*Data shown:*
___
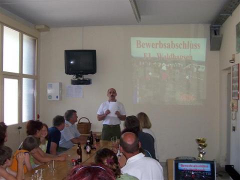 Nach dem Landeswettbewerb in Marchtrenk ist nun etwas Ruhe im Bewerbswesen eingetreten. Die Feuerwehrjugend von Waldhausen nützen die Gelegenheit, am Samstag den 15.07.2006 eine Bewerbsabschluss mit den Eltern zu Veranstalten. Am Samstag den 15.07.2006 fand im Feuerwehrhaus Waldhausen der Bewerbsabschluss der Feuerwehrjugend von Waldhausen mit Ihren Eltern statt. Unser Jugendbeauftragter OAW Palmetshofer Franz berichtete über die Veranstaltungen und Bewerbsbesuche der Feuerwehrjugend im vergangen Jahr bzw. Monaten. Mit Fotos wurde der Bericht unterstrichen, damit die Eltern einen besseren Einblick in die Tätigkeit der Feuerwehrjugend von Waldhausen erhielten. Auch Brandrad Sandhofer Richard, Kommandant der Wehr, bedankte sich bei den Eltern, die die Feuerwehrjugend bestens unterstützen und die nötige Verständnis zeigten. Weiters bedankte sich BR Sandhofer bei den Feuerwehrjugend und ihren Jugendbetreuern. Abschließend bad er wiederum um zahlreiche Teilnahme an den Übungen und Veranstaltungen der Feuerwehr Waldhausen. Im zweiten Teil des Bewerbsabschlusses wurde den Eltern eine Vorführung eines Bewerbes der Feuerwehrjugend durch den Nachwuchs gezeigt. Zürst ging es zur Bahn. Hier zeigte die Feuerwehrjugend ihr Können. Danach wurde der Staffellauf demonstriert. Hier sind einige Hindernisse sowie verschiedene Tätigkeiten durchzuführen. Nach dieser Vorführung lief der Bewerbsabschluss der Jugend zum gemütlichen Teil über. Die Eltern und die Jugend konnten sich Speis und Drank stärken.
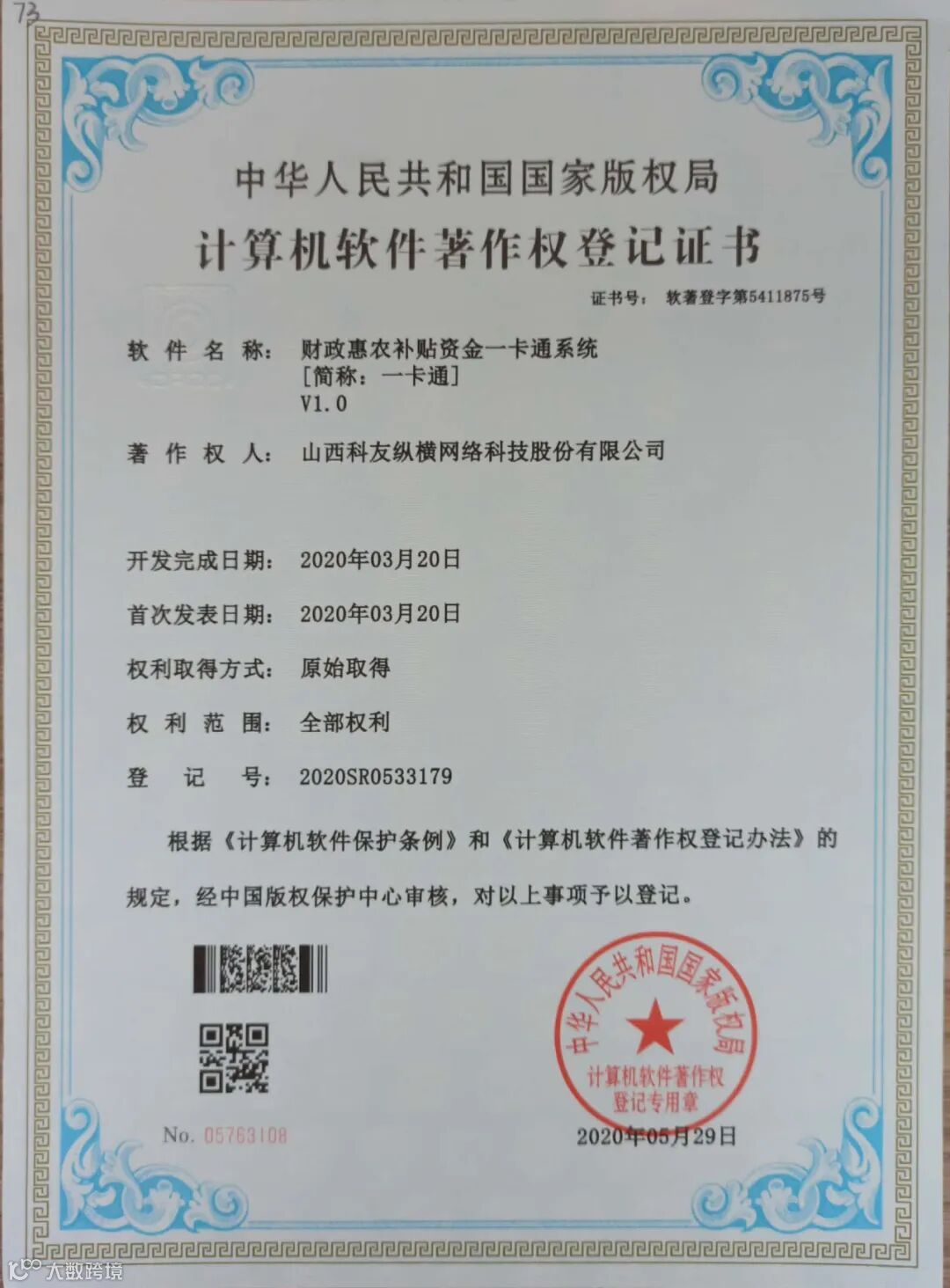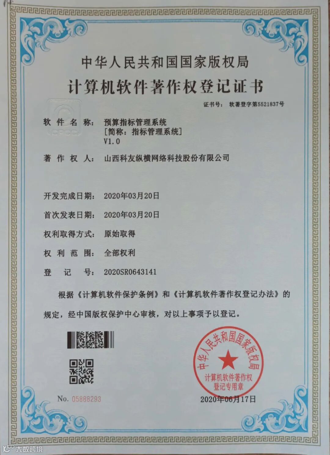 公司经过多年的努力,自主研发多款产品,获得十余项软件著作权,分别为客户关系管理系统V1.0、公务消费监管系统V1.0、民生资金监管系统V1.0、大宗物料计量监督信息系统V1.0、人大联网监督系统V1.0、售后维护中心管理系统V1.0、预算绩效管理信息系统V1.0、医院管理信息系统V1.0、预算指标管理系统【简称:指标管理系统】V1.0、财政惠农补贴资金一卡通系统【简称:一卡通】V1.0等,2019年获得5项,2020年2项。
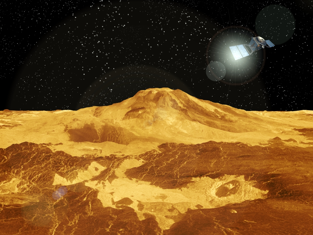 ESA Science & Technology - Artist's impression of Venus Express approching the Venusian surface
___
*Instructions for the task:*
The whole listing above is to be repeated exactly, apart from its pictures.

*Exercise solution:*
 Nach dem Landeswettbewerb in Marchtrenk ist nun etwas Ruhe im Bewerbswesen eingetreten. Die Feuerwehrjugend von Waldhausen nützen die Gelegenheit, am Samstag den 15.07.2006 eine Bewerbsabschluss mit den Eltern zu Veranstalten. Am Samstag den 15.07.2006 fand im Feuerwehrhaus Waldhausen der Bewerbsabschluss der Feuerwehrjugend von Waldhausen mit Ihren Eltern statt. Unser Jugendbeauftragter OAW Palmetshofer Franz berichtete über die Veranstaltungen und Bewerbsbesuche der Feuerwehrjugend im vergangen Jahr bzw. Monaten. Mit Fotos wurde der Bericht unterstrichen, damit die Eltern einen besseren Einblick in die Tätigkeit der Feuerwehrjugend von Waldhausen erhielten. Auch Brandrad Sandhofer Richard, Kommandant der Wehr, bedankte sich bei den Eltern, die die Feuerwehrjugend bestens unterstützen und die nötige Verständnis zeigten. Weiters bedankte sich BR Sandhofer bei den Feuerwehrjugend und ihren Jugendbetreuern. Abschließend bad er wiederum um zahlreiche Teilnahme an den Übungen und Veranstaltungen der Feuerwehr Waldhausen. Im zweiten Teil des Bewerbsabschlusses wurde den Eltern eine Vorführung eines Bewerbes der Feuerwehrjugend durch den Nachwuchs gezeigt. Zürst ging es zur Bahn. Hier zeigte die Feuerwehrjugend ihr Können. Danach wurde der Staffellauf demonstriert. Hier sind einige Hindernisse sowie verschiedene Tätigkeiten durchzuführen. Nach dieser Vorführung lief der Bewerbsabschluss der Jugend zum gemütlichen Teil über. Die Eltern und die Jugend konnten sich Speis und Drank stärken.
 公司经过多年的努力,自主研发多款产品,获得十余项软件著作权,分别为客户关系管理系统V1.0、公务消费监管系统V1.0、民生资金监管系统V1.0、大宗物料计量监督信息系统V1.0、人大联网监督系统V1.0、售后维护中心管理系统V1.0、预算绩效管理信息系统V1.0、医院管理信息系统V1.0、预算指标管理系统【简称:指标管理系统】V1.0、财政惠农补贴资金一卡通系统【简称:一卡通】V1.0等,2019年获得5项,2020年2项。
 ESA Science & Technology - Artist's impression of Venus Express approching the Venusian surface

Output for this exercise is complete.